我在Impala工作,虽然我在Impala和SQL方面都缺乏经验,但我需要能够构建如下所示的数据集:
|dayname | 2017-11-08 00:00:00 | 2017-11-08 01:00:00 | ... |
|---------|---------------------+---------------------+-----|
|Wednesday| 20 | 11 | ... |
|---------|---------------------|---------------------|-----|
|Thursday | 287 | 17 | ... |
|---------|---------------------|---------------------|-----|
|... | ... | ... | ... |
|---------|---------------------|---------------------|-----|
由于Impala的限制,我无法使用枢轴,这在正常情况下会产生所需的结果。
到目前为止,我有一个SQL SELECT语句,如下所示:
select
dayname(date) as dayname,
utc_hour,
sum(case when (`type` IN ('Awesome')) then 1 else 0 end) as some
FROM (select *, trunc(cast(floor(date / 1000) as timestamp), "HH") as utc_hour
FROM COOLNESSTYPES
WHERE date >= 1510082633596 and month >= '2017-11'
) a
GROUP BY utc_hour, dayname
ORDER BY utc_hour;
并返回以下数据:
+-----------+---------------------+-------+
| dayname | utc_hour | some |
+-----------+---------------------+-------+
| Wednesday | 2017-11-08 00:00:00 | 20 |
| Wednesday | 2017-11-08 01:00:00 | 11 |
| Wednesday | 2017-11-08 09:00:00 | 1 |
| Wednesday | 2017-11-08 11:00:00 | 40 |
| Wednesday | 2017-11-08 12:00:00 | 0 |
| Wednesday | 2017-11-08 13:00:00 | 6 |
| Wednesday | 2017-11-08 14:00:00 | 0 |
| Wednesday | 2017-11-08 16:00:00 | 2 |
| Wednesday | 2017-11-08 17:00:00 | 10 |
| Wednesday | 2017-11-08 19:00:00 | 5 |
| Thursday | 2017-11-09 07:00:00 | 1 |
| Thursday | 2017-11-09 12:00:00 | 0 |
| Thursday | 2017-11-09 13:00:00 | 0 |
| Thursday | 2017-11-09 14:00:00 | 58 |
| Friday | 2017-11-10 09:00:00 | 0 |
| Friday | 2017-11-10 10:00:00 | 0 |
| Friday | 2017-11-10 16:00:00 | 0 |
+-----------+---------------------+-------+
那么,我该如何做这样的事呢?在Cloudera的社区页面上,有人建议使用工会,但我并不清楚我如何将我的列标记为来自utc_hour列的行值。 (如果需要,请参阅https://community.cloudera.com/t5/Interactive-Short-cycle-SQL/Transpose-columns-to-rows/td-p/49667以获取有关工会建议的更多信息。)
对此的任何帮助或想法将不胜感激。谢谢!
答案 0 :(得分:4)
如果确实需要更改列名,则会增加复杂性。如果您可以容忍固定的列名称,则沿着这些方向很简单:
select
dayname
, extract(dow from utc_hour) d_of_w
, max(case when date_part('day', utc_hour) = 0 then somecol end) hour_0
, max(case when date_part('day', utc_hour) = 7 then somecol end) hour_7
, max(case when date_part('day', utc_hour) = 9 then somecol end) hour_9
, max(case when date_part('day', utc_hour) = 12 then somecol end) hour_12
, max(case when date_part('day', utc_hour) = 14 then somecol end) hour_14
from COOLNESSTYPES
group by
d_of_w
, dayname
我使用Postgres使用extract(hour from utc_hour)而不是上面显示的date_part()来开发此示例的示例(感谢hbomb)。
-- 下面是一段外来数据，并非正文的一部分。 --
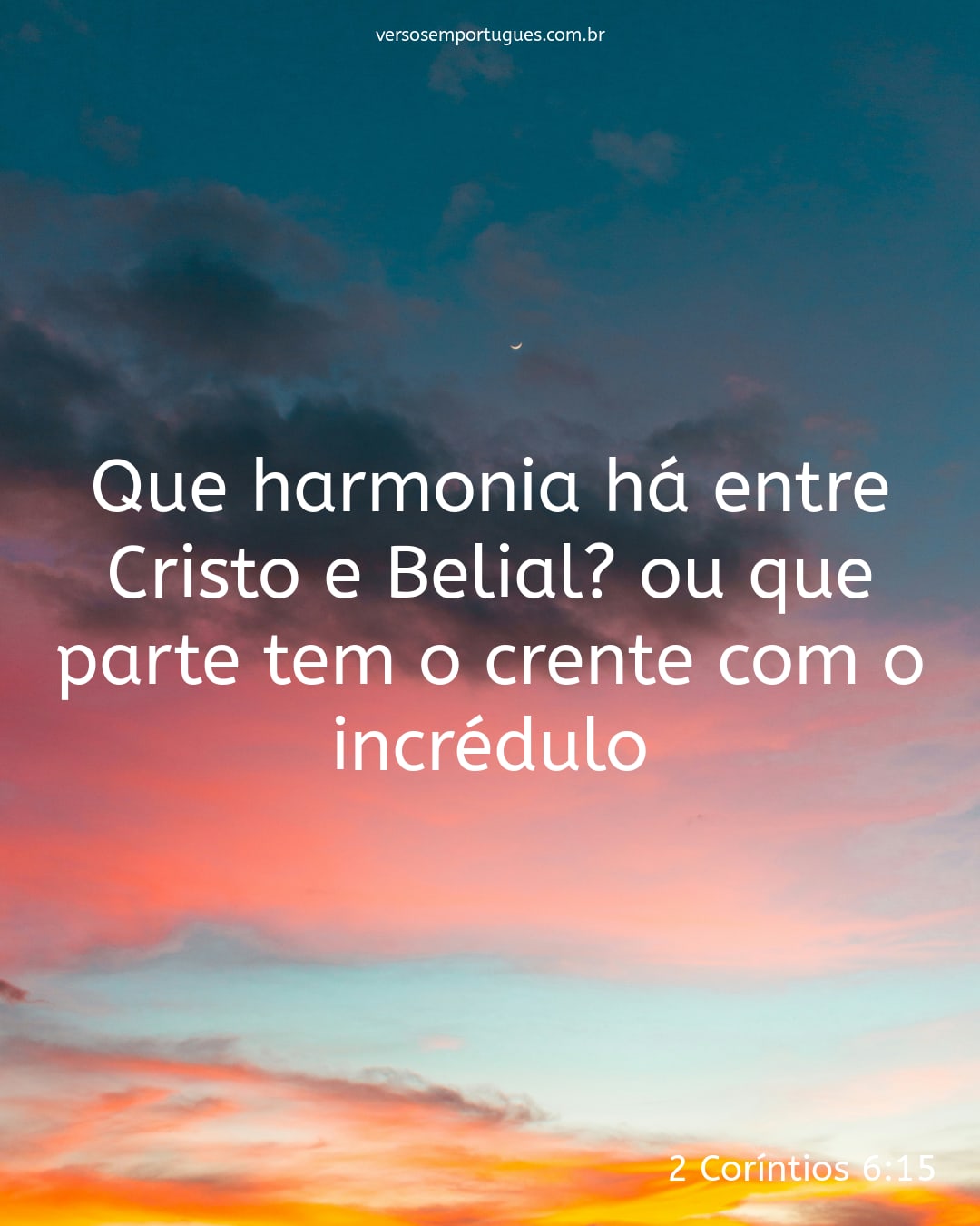 Não vos prendais a um jugo desigual com os incrédulos; pois que sociedade tem a justiça com a injustiça? ou que comunhão tem a luz com as trevas?

| dayname | d_of_w | hour_0 | hour_7 | hour_9 | hour_12 | hour_14 |
|-----------|--------|--------|--------|--------|---------|---------|
| Wednesday | 3 | 20 | (null) | 1 | 0 | 0 |
| Friday | 5 | (null) | (null) | 0 | (null) | (null) |
| Thursday | 4 | (null) | 1 | (null) | 0 | 58 |
见:http://sqlfiddle.com/#!17/81cfd/2(Postgres)
要实现更改的列名称,您需要“动态sql”,坦率地说,在Impala中这是否可行(因为我不使用该产品)并不清楚。